Why Hypothesis Testing?
In Statistics, we use sampling to derive inference about the population from the sample. A sample can have a sampling error. The sampling error may sometime lead to wrong inferencing or conclusion. Therefore, the challenge is – How confident you are about the inference derived from the sample? The answer to this is Hypothesis Testing. Hypothesis Testing is the statistical process of ascertaining the confidence level in the inference derived from the sample.
What is a Hypothesis?
A hypothesis is an assumption, it is a conjecture, it is your opinion about the topic.
A hypothesis is a supposition or proposed explanation made based on limited evidence. It is an educated guess about your understanding of the topic.
A hypothesis being an opinion may or may not be true. You ascertain the truth of your opinion by hypothesis testing.
It is very important to have an opinion. With data, we can validate our opinion and check whether it was right or wrong. To be a successful Data Scientist, you should hone the skill of Hypothesis Development and Hypothesis Testing.
Null & Alternate Hypothesis
The hypothesis is framed as Null Hypothesis and Alternative Hypothesis.
Null Hypothesis Ho :
- A Null Hypothesis is the status quo.
- There is no relationship or association between two measured phenomena. Any observed association or relationship might have occurred by chance.
Alternate Hypothesis Ha :
- An Alternate Hypothesis is a hypothesis contrary to the Null Hypothesis.

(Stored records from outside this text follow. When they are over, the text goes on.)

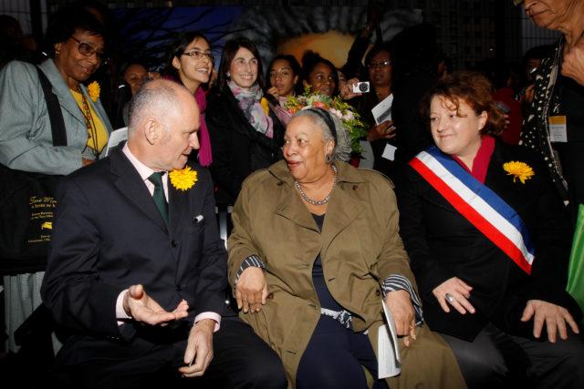FILE PHOTO: Nobel-winning U.S. novelist Toni Morrison (C) speaks with Christophe Caresh as she attends the unveiling ceremony of a memorial bench marking the abolition of slavery in Paris November 5, 2010 . REUTERS/Benoit Tessier/File Photo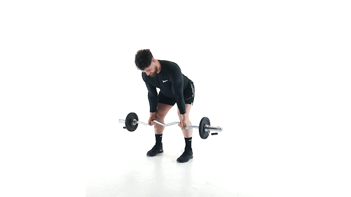 Bend forwards at the knees and hips, so the back is straight and row the bar towards your chest, bringing the elbows up and back.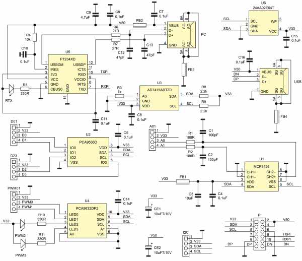 Schemat ideowy modułu został pokazany na rysunku 1. Na płytce znalazło się miejsce na układy z interfejsem I2C, obsługujące typowe GPIO. Układ U1 typu MCP3426 pełni funkcję przetwornika AD z dwoma wejściami, o zakresie mierzonego napięcia 0…2,048 V i maksymalnej rozdzielczości 16 bitów. Sygnał analogowy ze złącza A01, po filtracji realizowanej za pomocą elementów R1, R2, C1, C2, doprowadzony jest bezpośrednio do układu U1, typu MCP3426. Ma on ustalony adres I2C o wartości 0x68 (dla MCP3426A0). Zwracam uwagę na konflikt adresów z często używanym układem RTC typu DS1338. Jeżeli planujemy zastosować na magistrali I2C także zewnętrzny RTC, należy wykorzystać w miejsce U1 układ o zaprogramowanym fabrycznie adresie, różnym od 0x68, np. MCP3426A1 do MCP3246A7.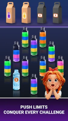 Use Tools: Stuck? Undo moves, shuffle colors, or add an empty bottle to keep sorting.

- The observations are the results of a real effect of association or relationship between two measured phenomena.
Framing Hypotheses for Regression Model Development
Assume, MyBank has assigned you the task of building the predictive model for personal loans cross-sell. The bank has given you the data of 20000 customers offered with an attractive personal loan. 888 out of the 20000 customers responded to the offer. You being the Data Scientist have to build the predictive model.
In model development, we require strong predictor variables (independent variables) to accurately predict the target phenomenon (dependent variable).
Null Hypothesis: there is no relationship between the dependent and independent variables.
Alternate Hypothesis: there is an association between the dependent and independent variables.
How to frame the Hypothesis?
The starting point is to get an understanding of the Domain / Business Problem at hand. Then, try to relate the objective statement with your gut feeling. E.g. For the MyBank Personal Loans model, you may start with a few questions like:
Why do customers take personal loans?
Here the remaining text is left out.